Lech Mażewski, Posttotalitarny autorytaryzm w PRL 1956–1989. Analiza ustrojowopolityczna, Wyd. Arte, Klub Zachowawczo-Monarchistyczny, Warszawa-Biała Podlaska 2010, ss. 233
Na początku pragnę wyrazić pogląd, że bez żadnego wahania należy polecić Czytelnikom zainteresowanym ustrojem Polskiej Rzeczypospolitej Ludowej znakomitą współczesną analizę Lecha Mażewskiego, ,,Posttotalitarny autorytaryzm w PRL 1956–1989”.Wydawcy tj. Arte i Klub Zachowawczo-Monarchistyczny powinni być dumni z tej pozycji.

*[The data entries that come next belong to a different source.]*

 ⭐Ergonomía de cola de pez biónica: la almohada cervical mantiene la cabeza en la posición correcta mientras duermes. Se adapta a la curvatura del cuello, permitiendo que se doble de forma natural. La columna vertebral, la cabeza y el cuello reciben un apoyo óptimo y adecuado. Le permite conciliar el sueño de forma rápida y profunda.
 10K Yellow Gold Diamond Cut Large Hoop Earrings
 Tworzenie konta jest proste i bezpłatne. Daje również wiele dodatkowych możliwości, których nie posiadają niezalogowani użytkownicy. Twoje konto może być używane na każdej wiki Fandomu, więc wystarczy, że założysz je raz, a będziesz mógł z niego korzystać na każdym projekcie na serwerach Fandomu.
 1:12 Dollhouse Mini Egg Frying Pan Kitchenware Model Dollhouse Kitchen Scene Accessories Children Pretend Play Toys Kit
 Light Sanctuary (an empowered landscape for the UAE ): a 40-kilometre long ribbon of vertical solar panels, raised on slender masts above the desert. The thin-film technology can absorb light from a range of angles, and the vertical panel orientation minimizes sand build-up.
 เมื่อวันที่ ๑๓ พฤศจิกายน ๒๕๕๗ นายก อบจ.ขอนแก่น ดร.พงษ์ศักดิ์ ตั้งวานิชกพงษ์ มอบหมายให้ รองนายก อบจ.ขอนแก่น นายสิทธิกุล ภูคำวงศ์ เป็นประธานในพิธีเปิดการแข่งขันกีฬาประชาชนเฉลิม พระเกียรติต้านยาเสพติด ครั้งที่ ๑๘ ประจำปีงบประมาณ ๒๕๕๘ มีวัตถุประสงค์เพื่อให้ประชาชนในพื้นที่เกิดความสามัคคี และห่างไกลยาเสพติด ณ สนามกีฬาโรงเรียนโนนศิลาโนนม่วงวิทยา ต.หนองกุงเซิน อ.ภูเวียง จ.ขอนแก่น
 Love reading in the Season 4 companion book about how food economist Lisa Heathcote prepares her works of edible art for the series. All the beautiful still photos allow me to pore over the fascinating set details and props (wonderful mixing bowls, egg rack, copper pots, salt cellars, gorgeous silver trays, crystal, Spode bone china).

Książka jest analizą prawno-polityczną ustroju Polskiej Rzeczypospolitej Ludowej z uwzględnieniem wydarzeń społecznych oraz relacji funkcjonalnych i komunikacyjnych w ramach systemu politycznego. Nie odnosi się tylko do tylko sfery instytucjonalnej i normatywnej, choć jest to główna płaszczyzna zainteresowania Autora. Dzieło składa się z 12 rozdziałów: „Demokratyczny totalitaryzm” (rozdział I), „Od próby budowy demokratycznego totalitaryzmu do powstania systemu posttotalitarnego autorytaryzmu” (rozdział II), „Posttotalitarny autorytaryzm bez instytucjonalizacji” (rozdział III), „Instytucjonalizacja posttotalitarnego autorytaryzmu” (rozdział IV), „Upadek przewodniej roli PZPR” (rozdział V), „W kierunku państwa prawa” (rozdział VI), „Referendalna demokratyzacja?” (rozdział VII), „Regulacja stanu nadzwyczajnego” (rozdział VIII), „Ku odbudowie samorządu lokalnego (rozdz. IX), „Sukcesy liberalizacji” (rozdz. X), „Wynegocjowany kres posttotalitarnego autorytaryzmu” (rozdz. XI), „Końcowy bilans” (rozdz. XII).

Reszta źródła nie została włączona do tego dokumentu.